What needs to be done -
Below are the records; extract from them the line containing "Using phage display" to the line containing "right[X] = Y, right[Y]", both lines included, exactly and with no pictures.

Task input -
═══
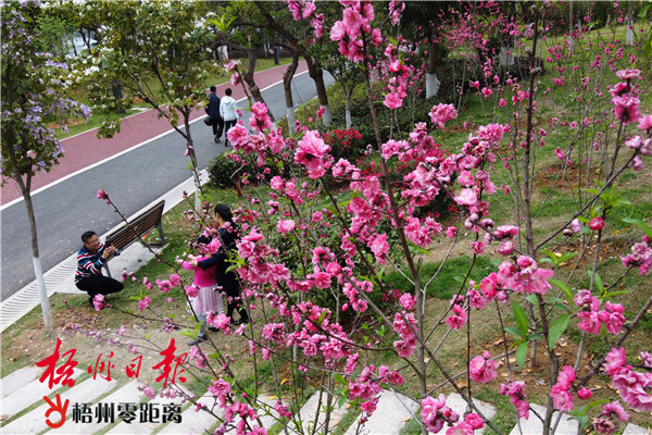 3月7日,玫瑰湖公園內隨處可見的桃花吸引市民拍照。記者 何鎏 攝
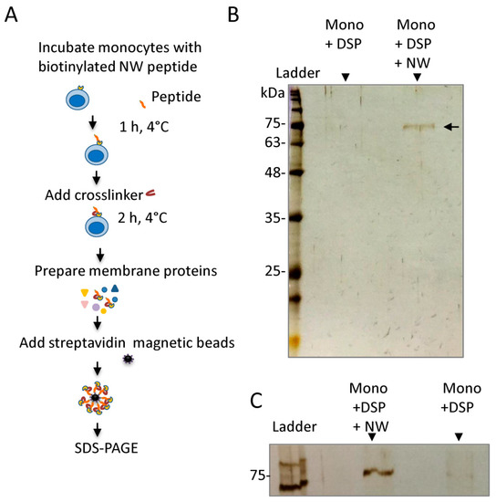 Using phage display technology, we identified a series of peptides that bind to human monocytes and macrophages. Among the identified peptides, a peptide named NW binds with high affinity to human monocytes and macrophages [22]. To identify the NW binding receptor(s), we first used a chemical cross-linking methodology [23,24]. The benefit of cross-linking on live cells is that the peptide–receptor interaction can be captured in its native environment, which avoids the risk of the receptor losing structure during cell lysis. In these experiments, freshly isolated blood monocytes were incubated with the biotinylated NW peptide, washed to remove unbound peptides, and then incubated with DSP, a chemical cross-linker. Subsequently, membrane proteins were prepared and the biotinylated NW peptide–receptor complexes were captured using streptavidin-conjugated magnetic beads, as illustrated in Figure 1A. Analysis of the captured proteins with SDS-PAGE followed by silver staining identified a unique protein band that was enriched in the sample co-incubated with the NW peptide and DSP (Figure 1B,C). The protein band was cut from the gel and its identity determined by mass spectrometry. Of the identified proteins, human albumin displayed a high probability, with the highest number of exclusive peptides and high sequence coverage.
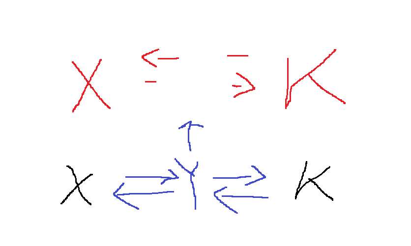 right[X] = Y, right[Y] = K, left[Y] = X, left[K] = Y
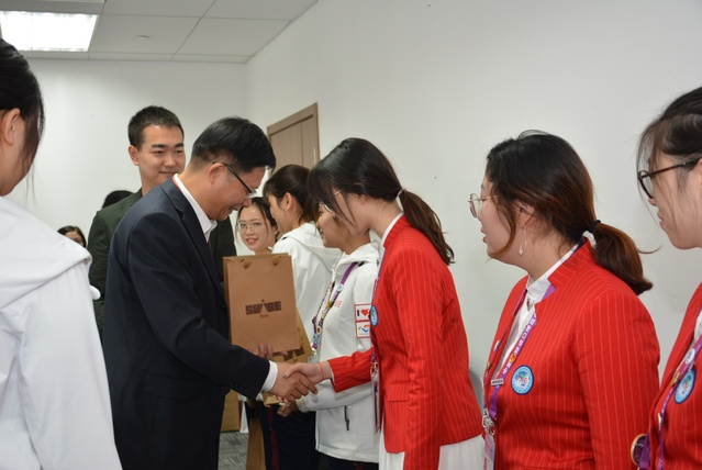 學(xué)校領(lǐng)導(dǎo)一行首先來到注冊嘉賓接待組志愿者辦公室慰問我校的志愿者們,向同學(xué)們贈送了學(xué)校帆布包、小葉子筆記本、彩虹筆等禮物組成的大禮包,鼓勵志愿者們承載學(xué)校榮耀,投入工作、用心服務(wù),繼續(xù)以良好的心理素質(zhì)、過硬的服務(wù)技能、一流的服務(wù)水平和熱情的服務(wù)態(tài)度完成好本次志愿服務(wù)工作。
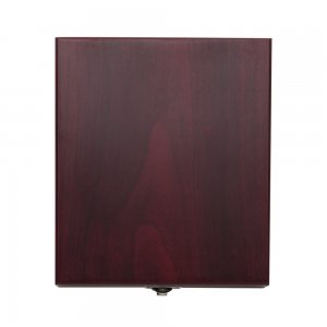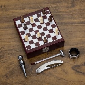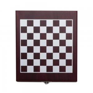 Kit vinho formato xadrez: Material em MDF vinho com desenho de tabuleiro superior. Parte frontal com trava de metal e parte traseira com dobradiças; compartimento interno revestido com espuma; possui 32 peças de xadrez sendo 16 marfim e 16 marrom. Possui abridor saca rolhas, wine collar, tampa de bico e termômetro.
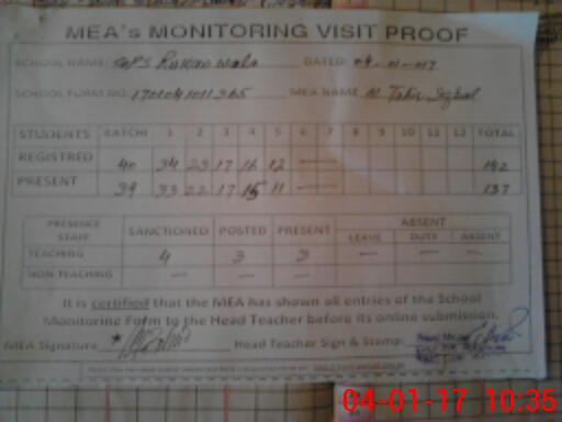 | Attendance Register | Head Teacher | MEA with School | Visit Proof |
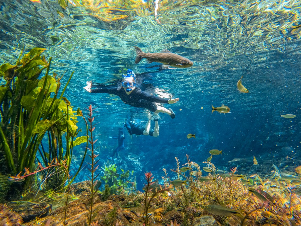 Em meio a águas cristalinas, cardumes de peixes e um verdadeiro jardim subaquático, ela acontece no rio homônimo, cuja correnteza é quase imperceptível – até quem não sabe nadar pode participar, com toda a segurança.
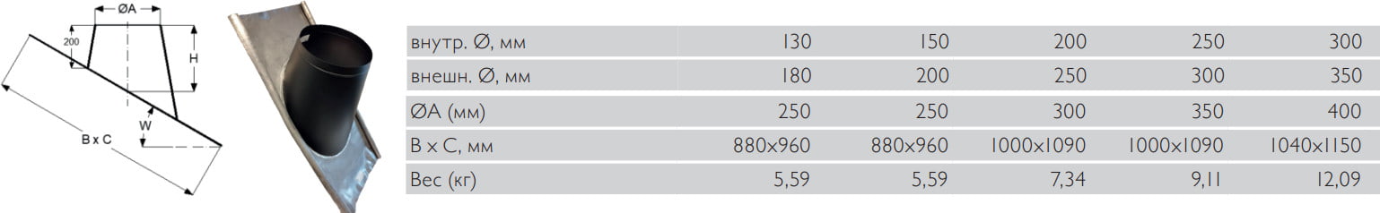 Деталь с наклоном от 3 до 15° обеспечивает герметичное примыкание кровли и конструкции дымоходного канала, препятствуя попаданию под них влаги. Используется с уплотнительной манжетой.
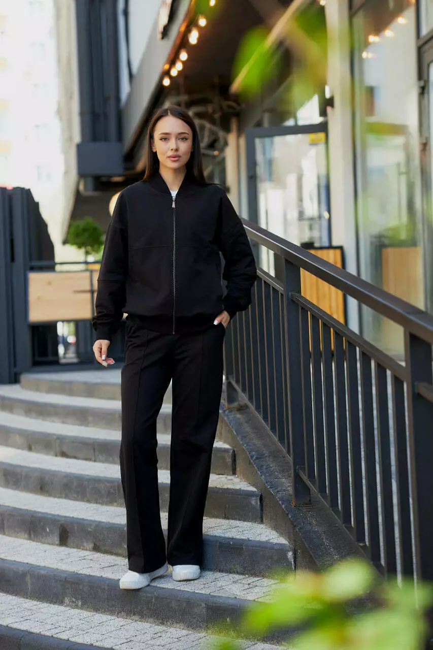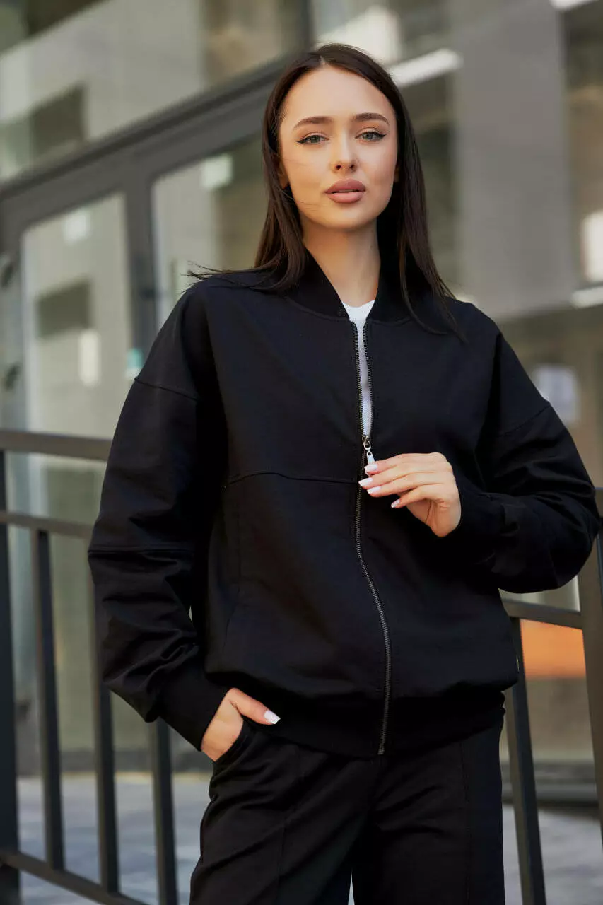 Жіночий костюм з бомбером на замку М154.2 (2х нитка), чорний S
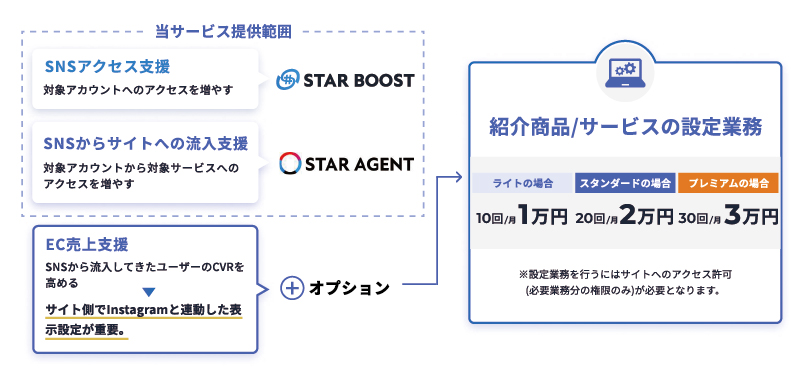 STAR AGENTをご利用のお客様は、インフルエンサー採用し放題サービスのSTAR BOOSTを無料で利用できます。
═══
Response -
 Using phage display technology, we identified a series of peptides that bind to human monocytes and macrophages. Among the identified peptides, a peptide named NW binds with high affinity to human monocytes and macrophages [22]. To identify the NW binding receptor(s), we first used a chemical cross-linking methodology [23,24]. The benefit of cross-linking on live cells is that the peptide–receptor interaction can be captured in its native environment, which avoids the risk of the receptor losing structure during cell lysis. In these experiments, freshly isolated blood monocytes were incubated with the biotinylated NW peptide, washed to remove unbound peptides, and then incubated with DSP, a chemical cross-linker. Subsequently, membrane proteins were prepared and the biotinylated NW peptide–receptor complexes were captured using streptavidin-conjugated magnetic beads, as illustrated in Figure 1A. Analysis of the captured proteins with SDS-PAGE followed by silver staining identified a unique protein band that was enriched in the sample co-incubated with the NW peptide and DSP (Figure 1B,C). The protein band was cut from the gel and its identity determined by mass spectrometry. Of the identified proteins, human albumin displayed a high probability, with the highest number of exclusive peptides and high sequence coverage.
 right[X] = Y, right[Y] = K, left[Y] = X, left[K] = Y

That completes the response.